## ABOUT THIS EXERCISE:
Only the pictures are dropped. Restate each line below word for word.

## GIVEN INFORMATION:
——

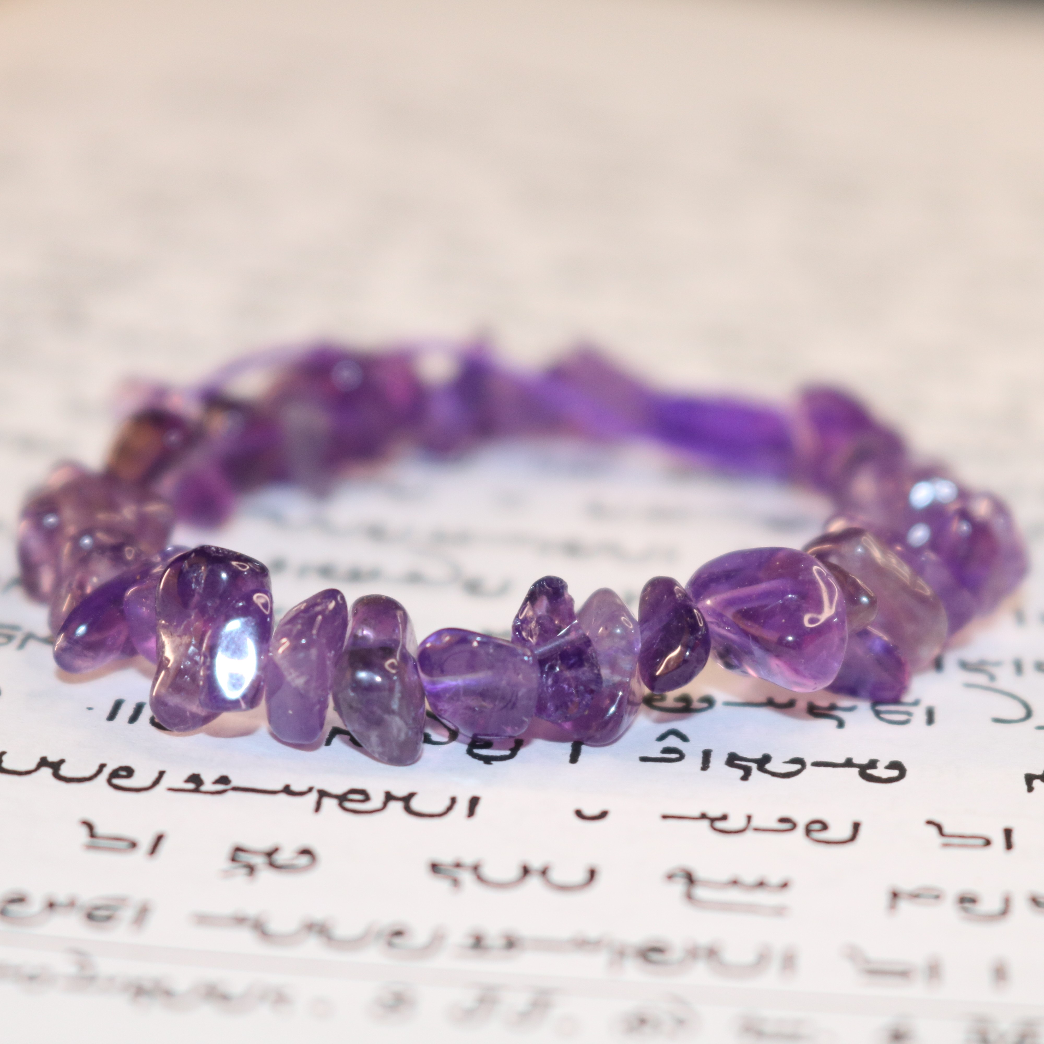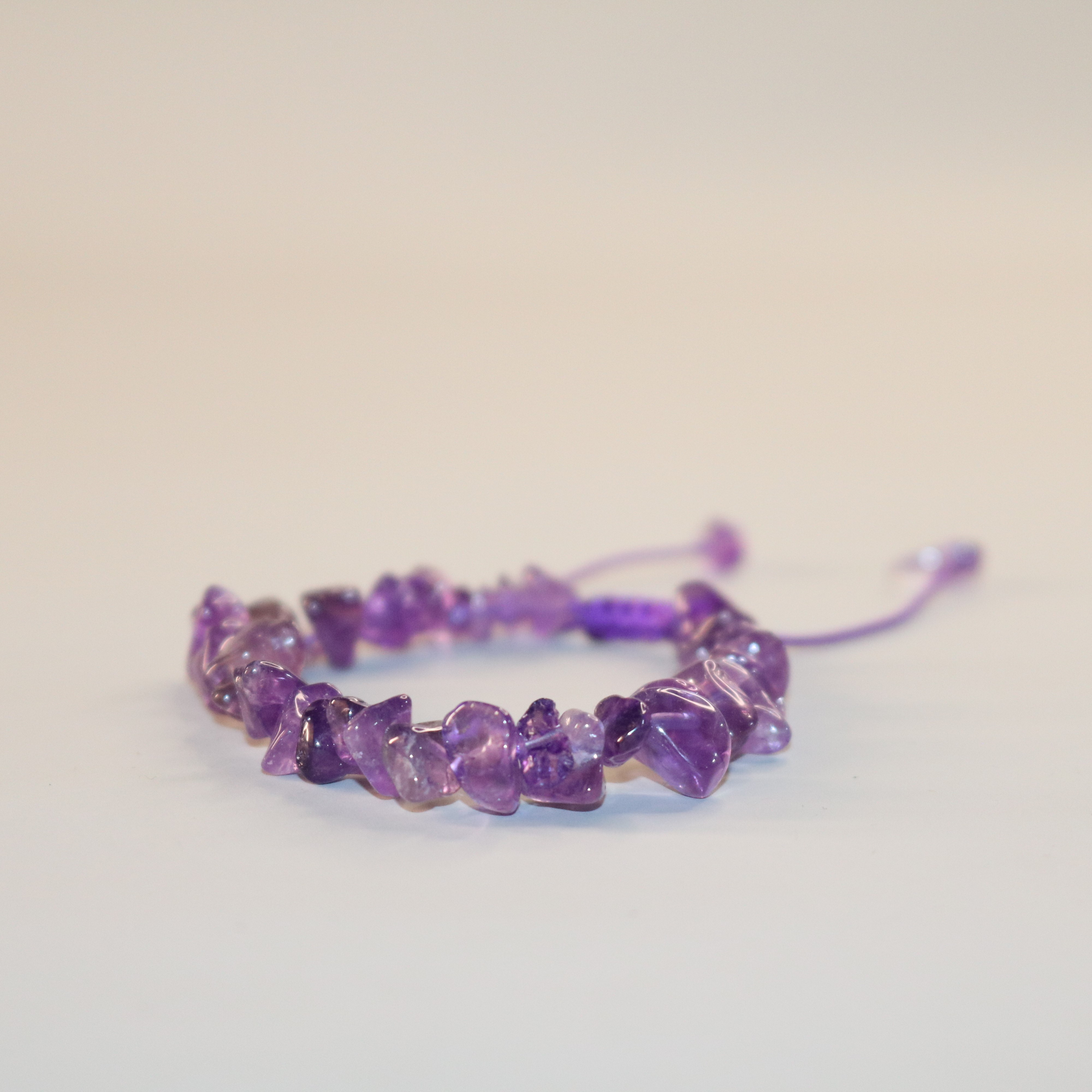 این دستبند با تکههای زیبای سنگ آمتیست طبیعی ساخته شده؛ سنگی که از گذشته نماد آرامش، شهود و پاکی ذهن بوده است.
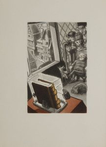 feuilles, couverture rempliée, étui.. Édition tirée à 225 exemplaires plus quelques exemplaires pour les collaborateurs et les amis de l’éditeur. Elle est illustrée de compositions de Jean BRULLER (1902-1991), à savoir 11 eaux-fortes à pleine page gravées par l’artiste et tirées en couleurs au repérage par Paul Haasen et 21 ornements (1 vignette de titre, 10 lettrines et 10 culs-de-lampe) gravés sur bois d’après les dessins de Bruller par Karin Lieven.. Un des 175 exemplaires sur papier Gaspard-Maillol à la main, parfaitement conservé.
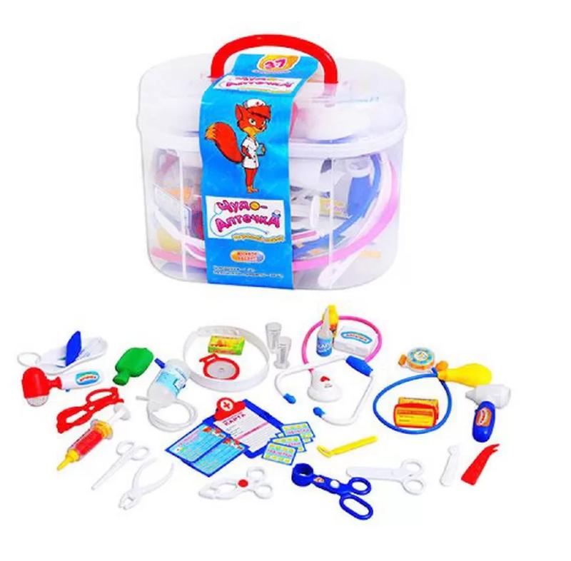 Игровой набор для любимой дочки или сыночка. Игра «Больничка»--это любимая игра многих деток от трех лет. Можно полечить друга, пришедшего в гости, любимого мишку или даже приболевшего папу. Набор идет в чемоданчике, что позволит с легкостью перенести все необходимые инструменты доктора к пациенту. А также позволит сохранить порядок в доме вне игры. В наборе 37 аксессуаров: молоточек, термометр, стетоскоп, пинцетик, пилюли, ножнички, шприц и др. Игра развивает необходимые социальные навыки. Размер чемоданчика: 22х17х12 см. Материал: пластик.
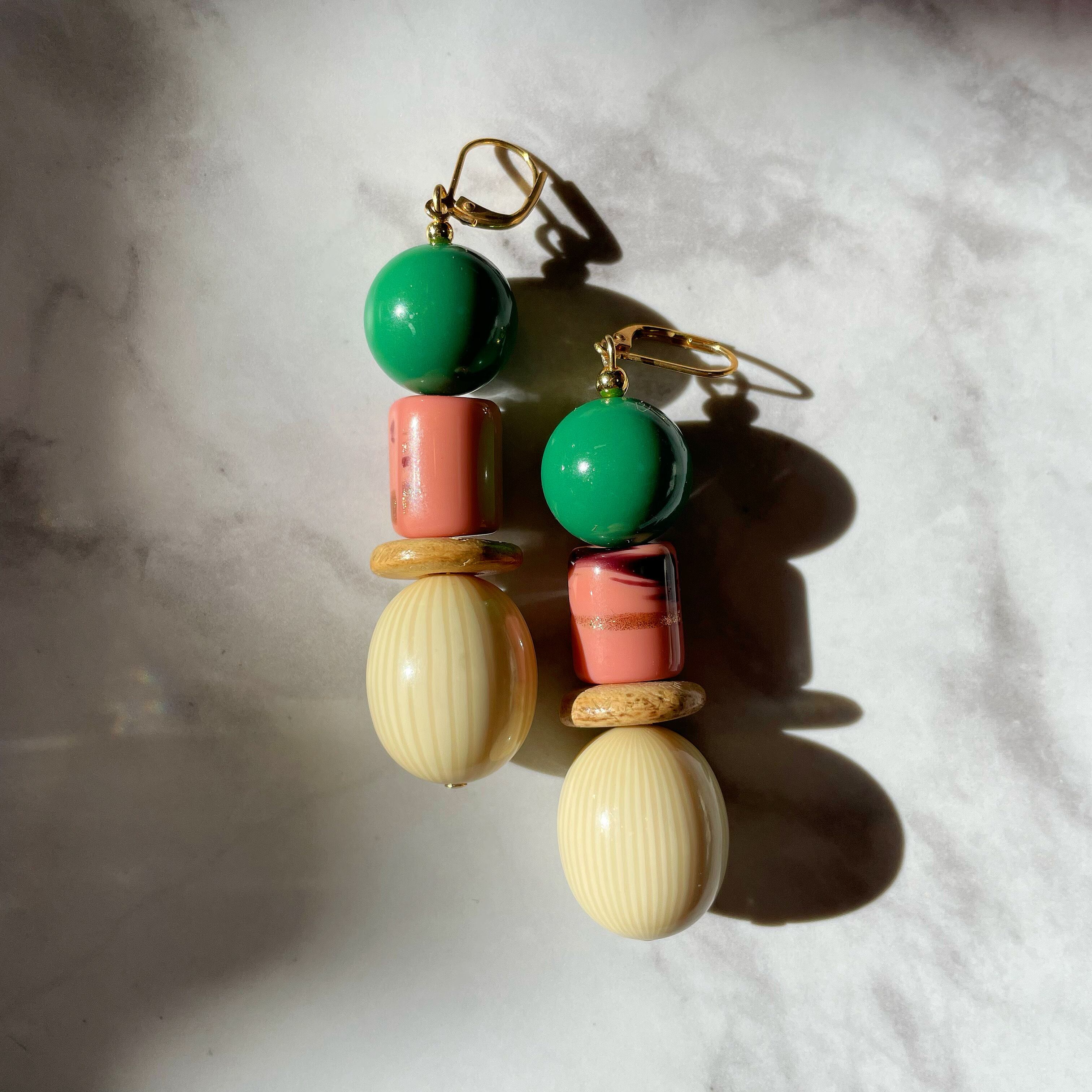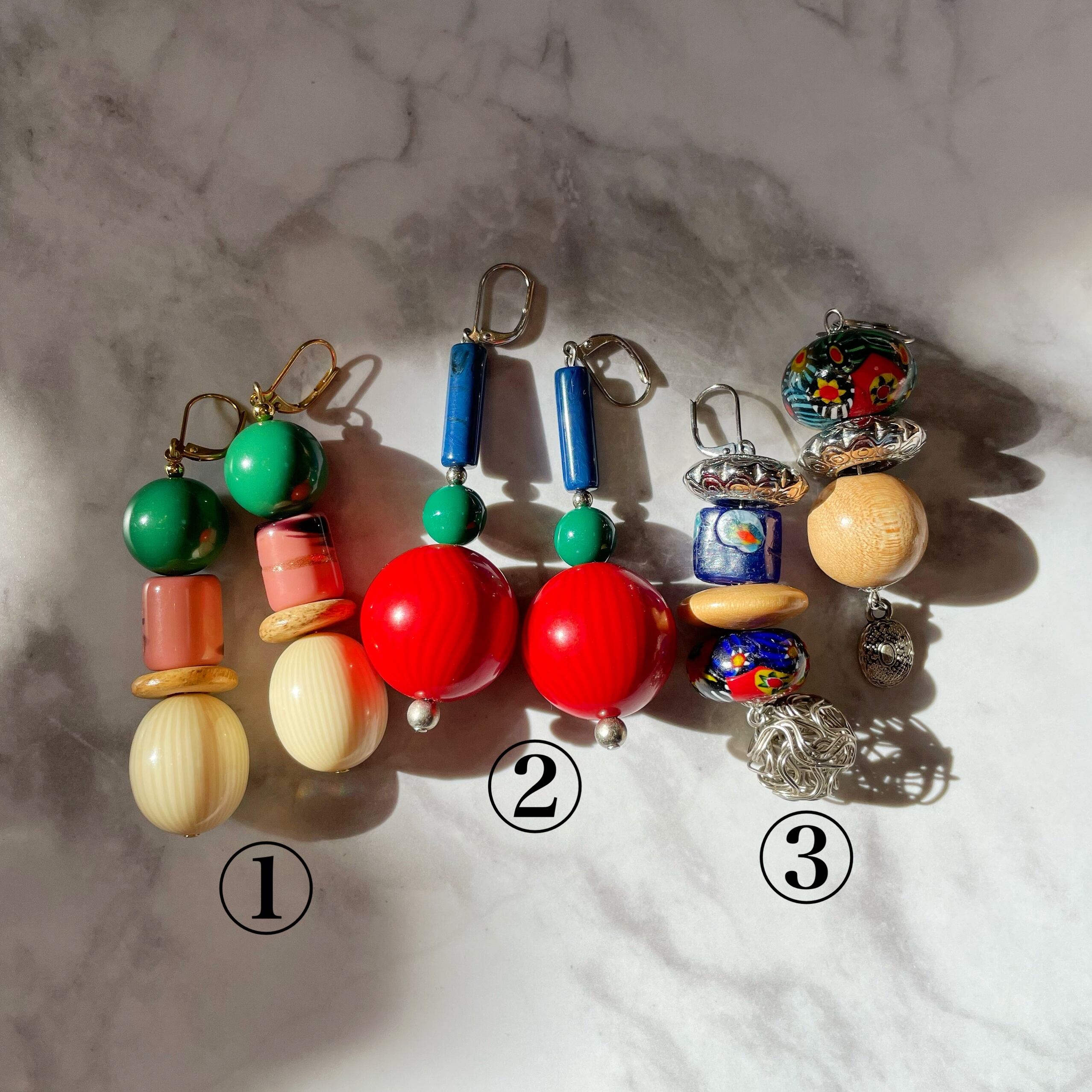 ③はアシンメトリーで、両方ともウッドビーズが入っています。

——

## SOLUTION:
 این دستبند با تکههای زیبای سنگ آمتیست طبیعی ساخته شده؛ سنگی که از گذشته نماد آرامش، شهود و پاکی ذهن بوده است.
 feuilles, couverture rempliée, étui.. Édition tirée à 225 exemplaires plus quelques exemplaires pour les collaborateurs et les amis de l’éditeur. Elle est illustrée de compositions de Jean BRULLER (1902-1991), à savoir 11 eaux-fortes à pleine page gravées par l’artiste et tirées en couleurs au repérage par Paul Haasen et 21 ornements (1 vignette de titre, 10 lettrines et 10 culs-de-lampe) gravés sur bois d’après les dessins de Bruller par Karin Lieven.. Un des 175 exemplaires sur papier Gaspard-Maillol à la main, parfaitement conservé.
 Игровой набор для любимой дочки или сыночка. Игра «Больничка»--это любимая игра многих деток от трех лет. Можно полечить друга, пришедшего в гости, любимого мишку или даже приболевшего папу. Набор идет в чемоданчике, что позволит с легкостью перенести все необходимые инструменты доктора к пациенту. А также позволит сохранить порядок в доме вне игры. В наборе 37 аксессуаров: молоточек, термометр, стетоскоп, пинцетик, пилюли, ножнички, шприц и др. Игра развивает необходимые социальные навыки. Размер чемоданчика: 22х17х12 см. Материал: пластик.
 ③はアシンメトリーで、両方ともウッドビーズが入っています。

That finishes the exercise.